Келли отсутствовала на обеде в "Айви" по двум причинам. Во-первых, она терпеть не могла Жаклин. Провинциальный дух. Во-вторых, её пригласила отобедать Кейт, её закадычная подруга. А Келли очень хотела с ней посоветоваться. А ещё больше её интересовало, в самом ли деле её муж спит с Джорджиной. Кто-то, а уж Кейт непременно должна была знать это.
Кейт уже курила вторую сигарету, когда появилась Келли. Вся в черном туго обтягивающие брючки Капри, золотая цепь, изящные туфельки, топ с глубоким вырезом и кожаный пиджак. Все от Шанель.
- Мадам, вы ещё кого-нибудь ждете? - учтиво поинтересовался официант.
- Нет, нас двое. - Келли наклонилась и расцеловала Кейт в обе щеки. В подобных случаях Келли всегда заказывала столик на троих. Третий стул предназначался для её пиджака. Во-первых, он слишком дорогой, чтобы оставлять его в гардеробе, да и потом, кто его там увидит? Лишний стул давал ей возможность продемонстрировать пиджак и фирменную нашивку во всей красе.

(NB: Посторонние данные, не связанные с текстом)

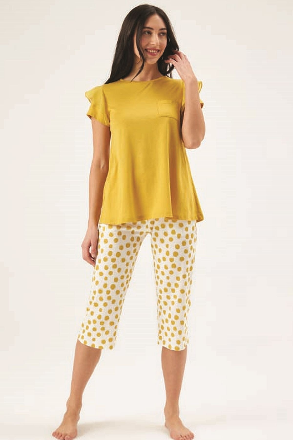 Sarı puantiyeli tasarıma sahip kısa kollu kapri pijama takımı, hafif ve esnek kumaşıyla rahat bir uyku deneyimi sunuyor.
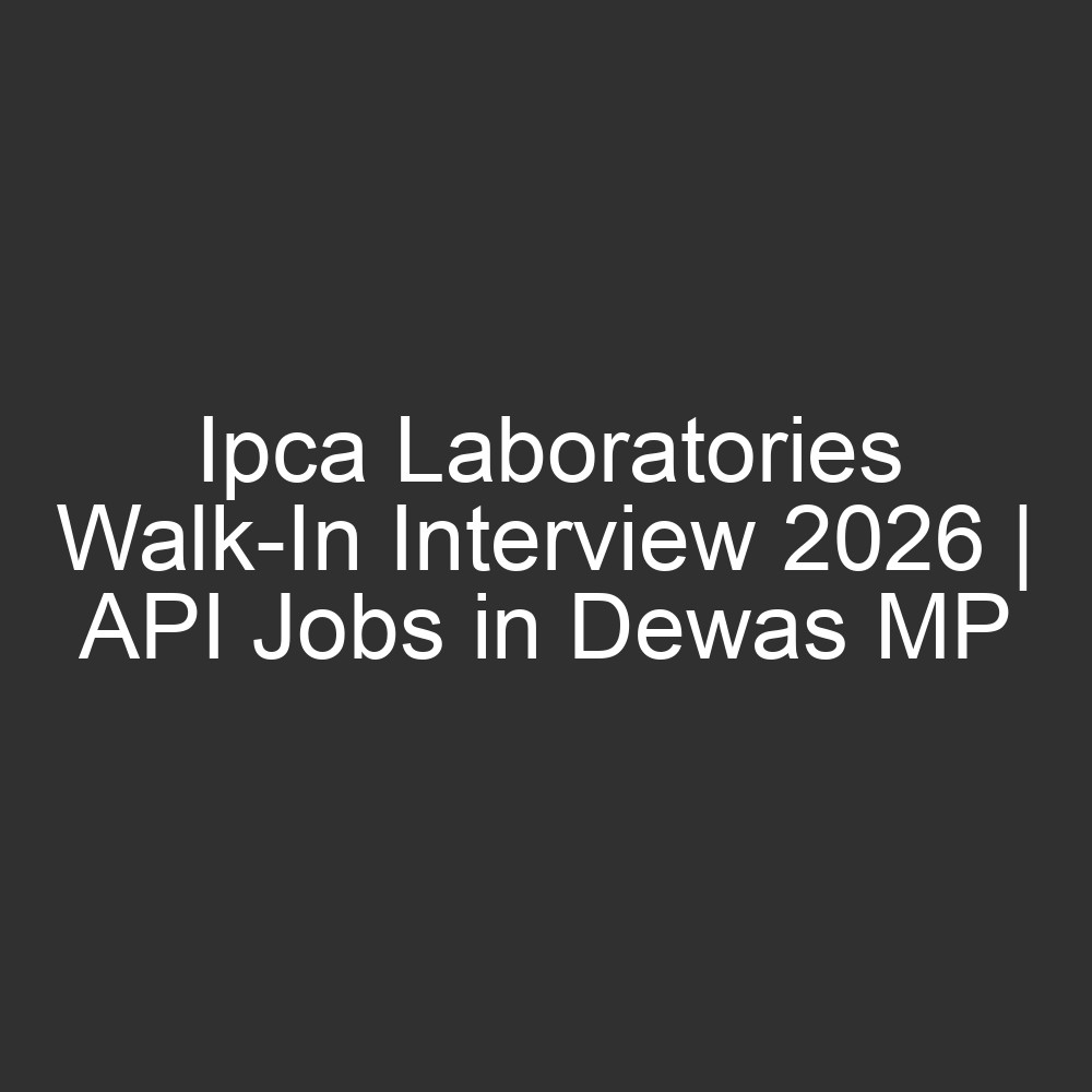 Interview Venue: Ipca Laboratories Limited, Plot No. 16-22, Industrial Area No.1, AB Road, Dewas (M.P.)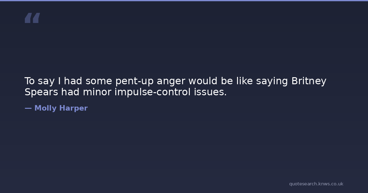 To say I had some pent-up anger would be like saying Britney Spears had minor impulse-control issues. anger humor Download Image Share on X Share on Facebook Copy Link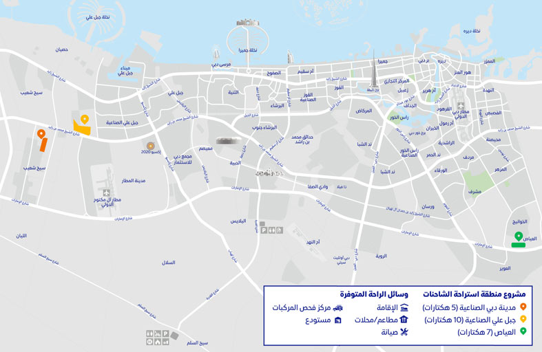 وأوضح الطير أن مساحة الموقع الأول الذي يقع بالقرب من منطقة جبل علي الصناعية الثالثة باتجاه إمارة أبوظبي تبلغ 100 ألف متر مربع وتتسع لعدد يتراوح من 170 إلى 200 شاحنة فيما تبلغ مساحة الموقع الثاني الواقع على شارع الإمارات بالقرب من مدخل إمارة الشارقة 70 ألف متر مربع وتتسع لعدد يتراوح من 130 إلى 150 شاحنة أما الموقع الثالث فيقع في مدينة دبي الصناعية بالقرب من شارع الشيخ محمد بن زايد وتبلغ مساحته 50 ألف متر مربع ويتسع لعدد يتراوح من 90 إلى 100 شاحنة ..مشيرا إلى أن المحطات المزمع إنشاؤها تضم حزمة متكاملة من الخدمات التي تلبي جميع الاحتياجات الأساسية واليومية لسائقي الشاحنات والمركبات الثقيلة مثل مراكز فحص فني متخصصة للمركبات الثقيلة ومراكز خدمات الصيانة ومخازن ومطاعم ومحلات تجارية واستراحات.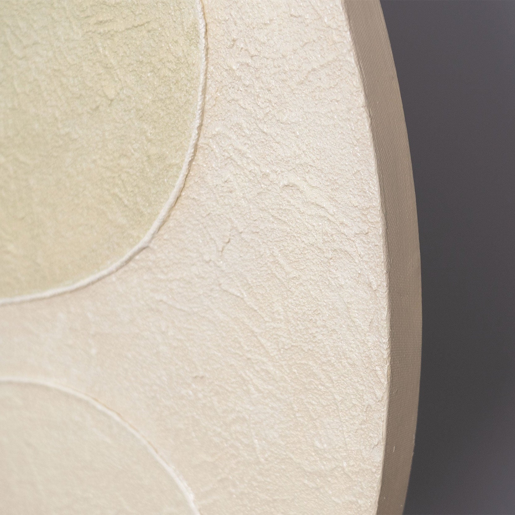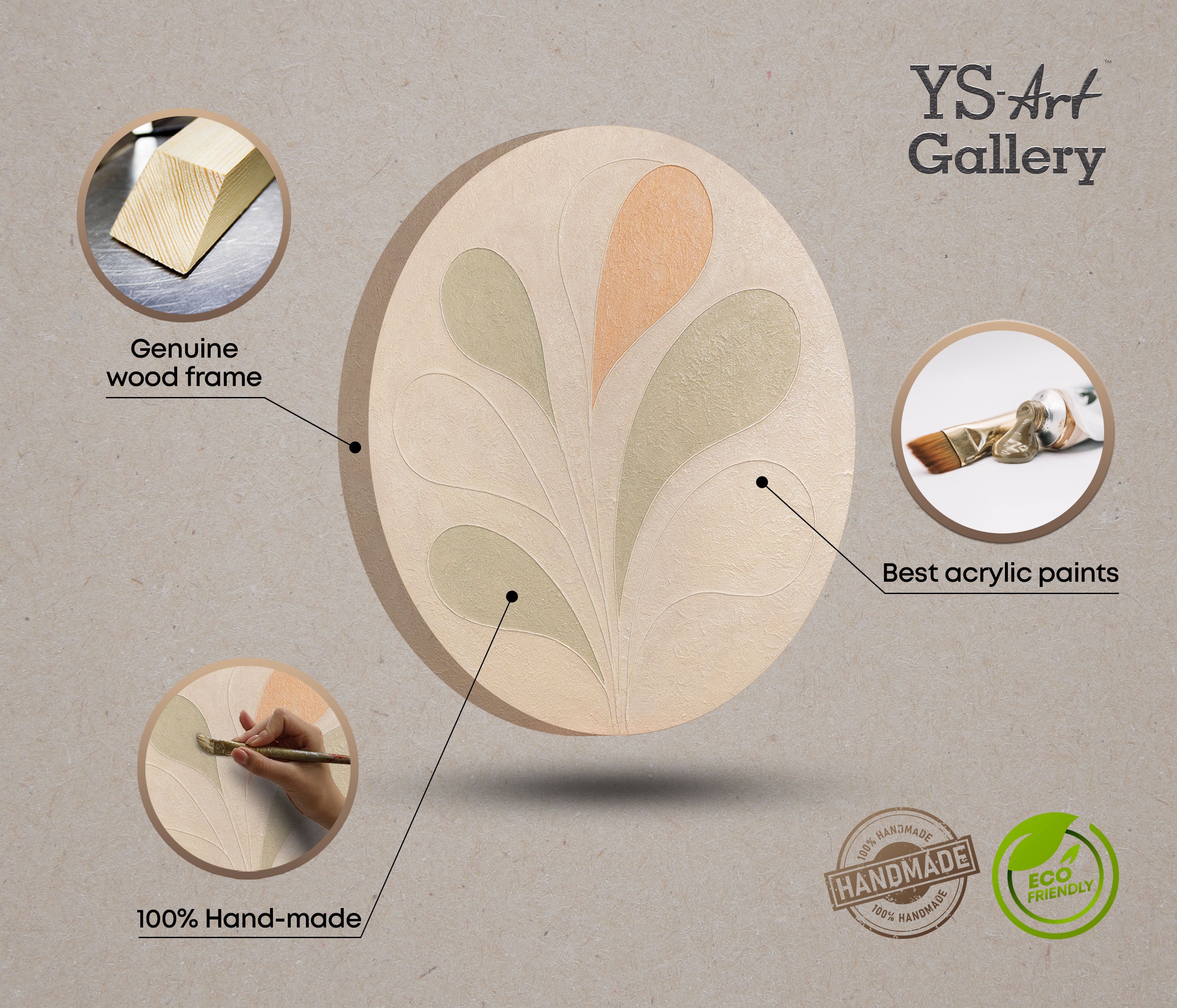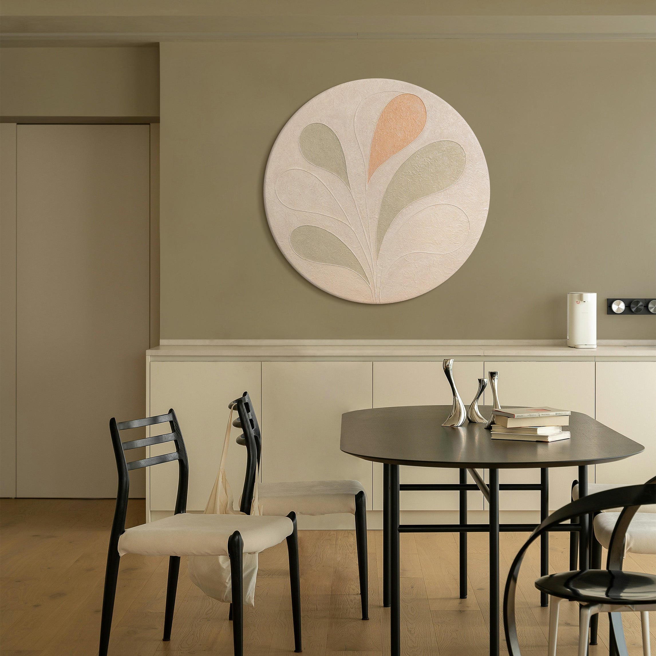 „Zarte Muster“ verbindet organische Formen mit einer ruhigen, harmonischen Farbpalette. Sanft geschwungene Linien entfalten sich wie abstrahierte Blätter oder Tropfen und erzeugen eine elegante Bewegung über die runde Bildfläche. Die warmen Beige-, Creme- und Pastellnuancen verleihen dem Werk eine natürliche Leichtigkeit und schaffen eine Atmosphäre, die zugleich modern und beruhigend wirkt.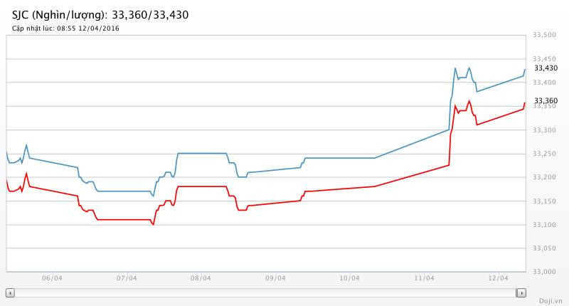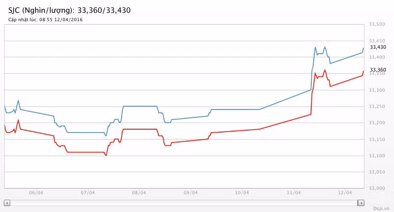 Tương tự, tại các đại lý Doji, giá vàng miếng SJC cũng được Tập đoàn điều chỉnh tăng 50 nghìn đồng lên yết ở 33,36 – 33,43 triệu đồng/lượng (MV-BR) đối với giao dịch lẻ; và đắt hơn 10 nghìn đồng chiều mua, đồng thời rẻ hơn 10 nghìn đồng chiều bán đối với giao dịch buôn ở thị trường Hà Nội. Với biểu giá này, doãng chênh lệch 2 chiều mua – bán vàng SJC tại Doji hiện là 70 nghìn đồng/lượng.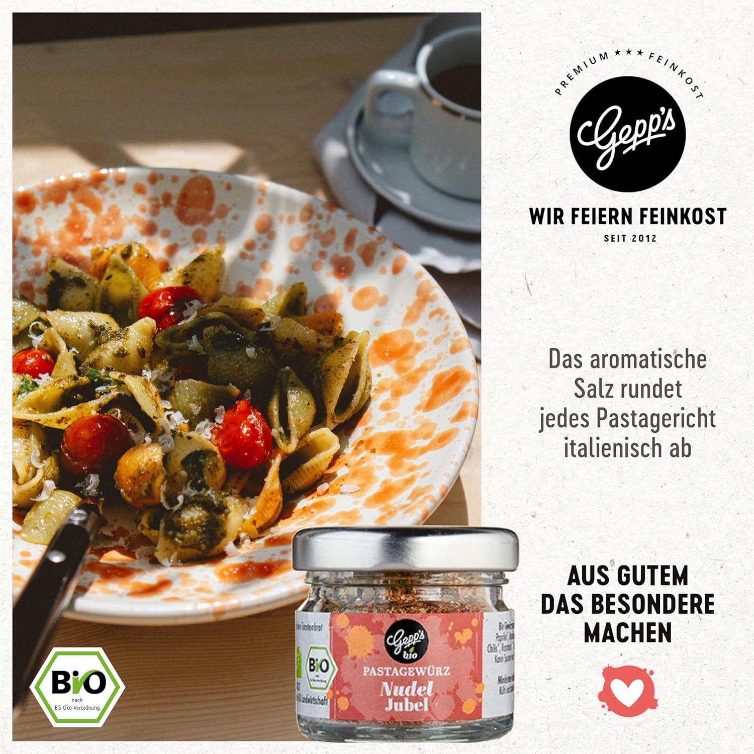 Mit unserem Nudeljubel Pastagewürz zauberst du eine mediterrane Note zu Pasta oder auf das Tomatenbrot.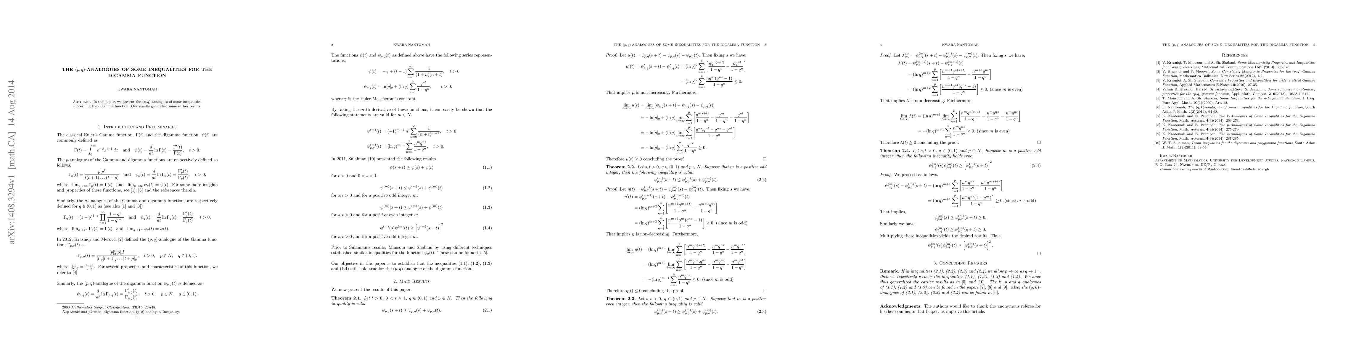 This paper presents (p; q)-analogues of inequalities concerning the digamma function, generalizing earlier results with a focus on the methodology and key findings related to the digamma function.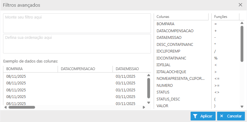 Emissão: filtra os cheques pela data de emissão;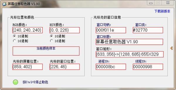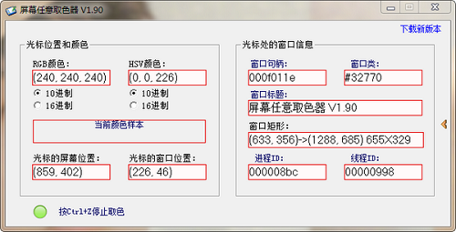 支持RGB颜色和HSV颜色双显示,支持10进制和16进制双选项。HSV颜色模型显示的色调、饱和度和亮度的取值与Windows上的画图程序的取值完全一致。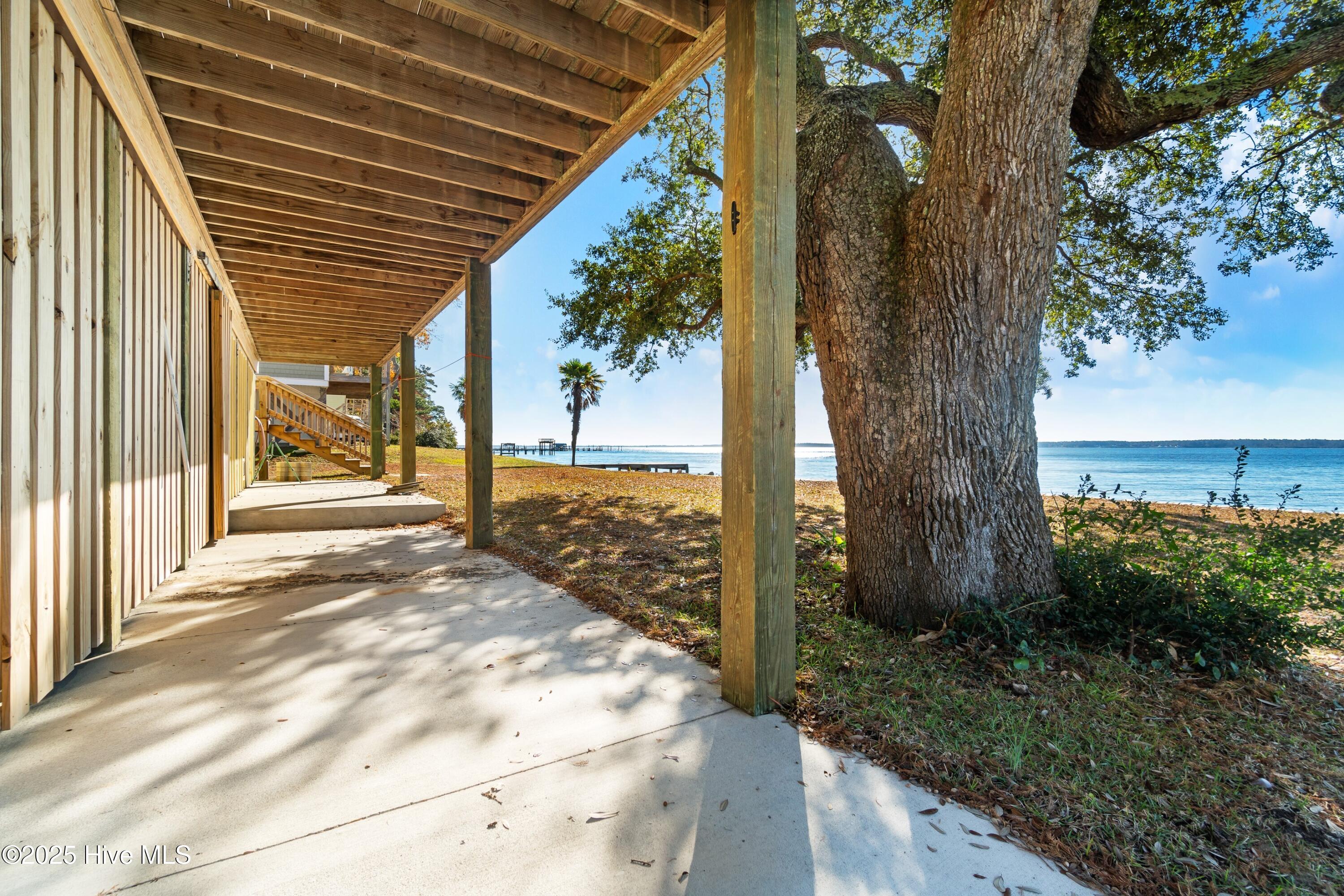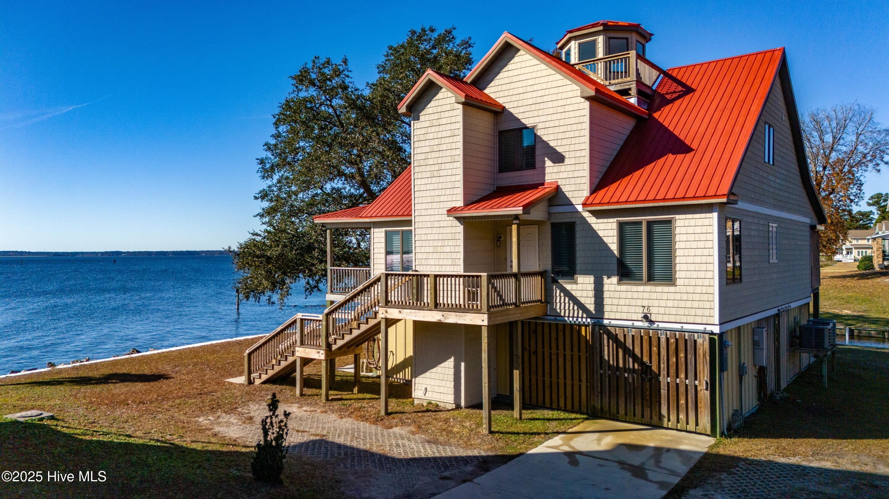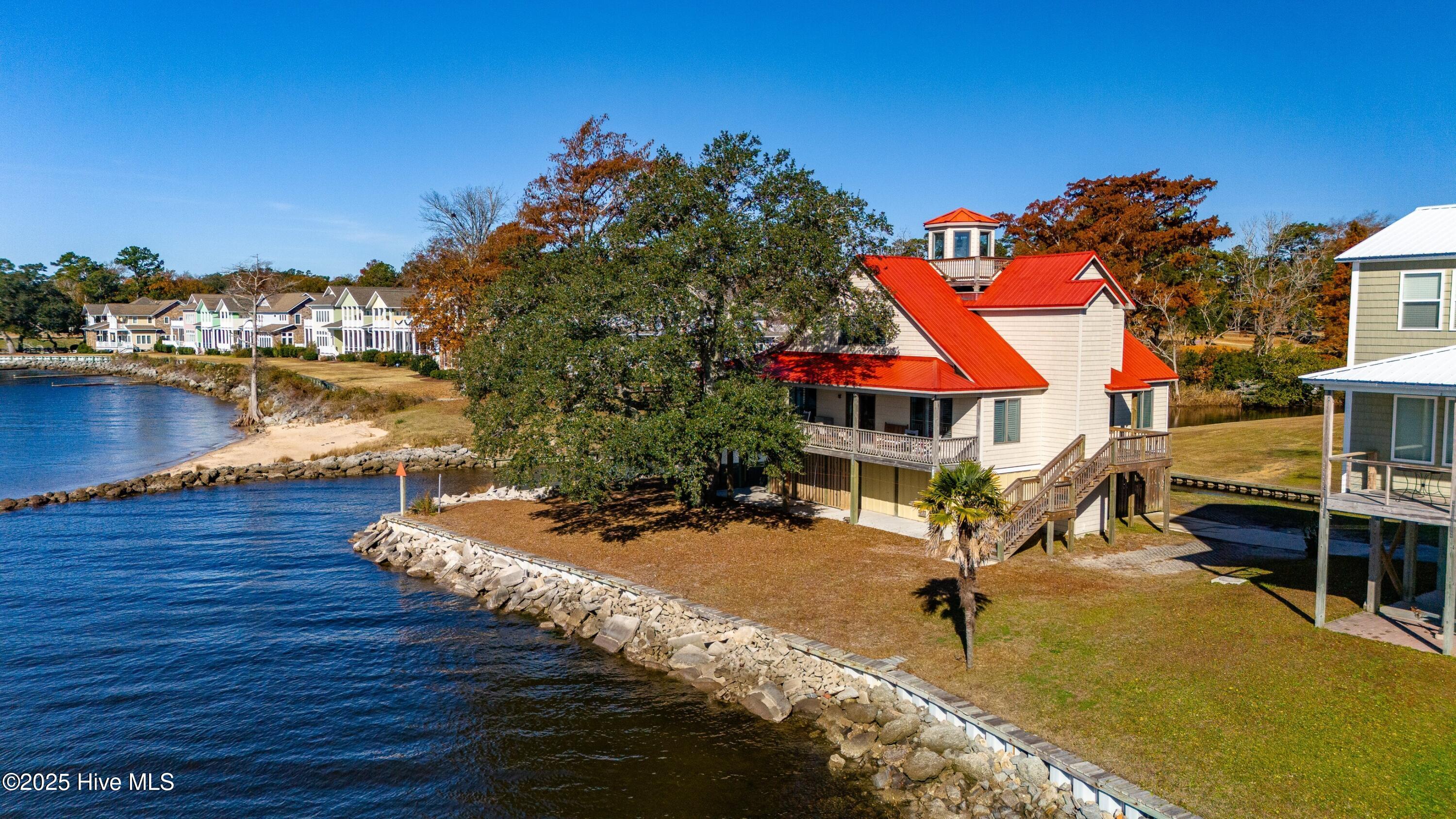 Enjoy iconic coastal living in this Neuse Riverfront home with its distinctive design inspired by the classic Inner Coastal screw-pile cottage-style lighthouses, including the celebrated New Canal Lighthouse on Lake Pontchartrain in New Orleans, Louisiana. Ideally located just a short stroll from the Minnesott Beach Golf & Country Club, minutes from the ferry, and close to Wayfarers Cove Marina, this three-bedroom, 2.5-bath residence blends architectural charm with modern comforts. Elevated on pilings with modular construction, the home features bamboo floors, plantation shutters, Anderson windows, and built-in bookcases that create a warm, character-rich interior. An elevator provides convenient access to all levels. The well-appointed kitchen includes quartz countertops, a JennAir 6-burner cooktop, built-in oven, microwave, refrigerator, dishwasher, and a stackable washer/dryer. Bathrooms include clean, easy-to-maintain walk-in showers. A striking spiral stairwell leads to an upper-level observation platform, offering elevated vistas of the Neuse River and surrounding coastal landscape. Outdoor living continues with a screened porch, open porch, extensive decking, a concrete patio, and a workshop. A two-car garage adds storage and convenience. A metal roof and air-to-air heat pump enhance durability and efficiency. Boaters will love the private boat basin complete with three slips and a 5,000-lb boat lift, providing direct access to the Neuse River. A serene private sandy beach completes this exceptional riverfront setting. A distinctive coastal retreat that beautifully blends lighthouse-inspired architecture with superb waterfront amenities.

Кейт вела колонку в газете "Таймс". Она знала всех и вся, была в курсе всех светских новостей и сплетен, и Келли ей полностью доверяла. Кейт обладала редкостным даром втираться к людям в доверие и прикидываться лучшим другом, тогда как на самом деле она таким образом выкачивала из них нужные ей сведения.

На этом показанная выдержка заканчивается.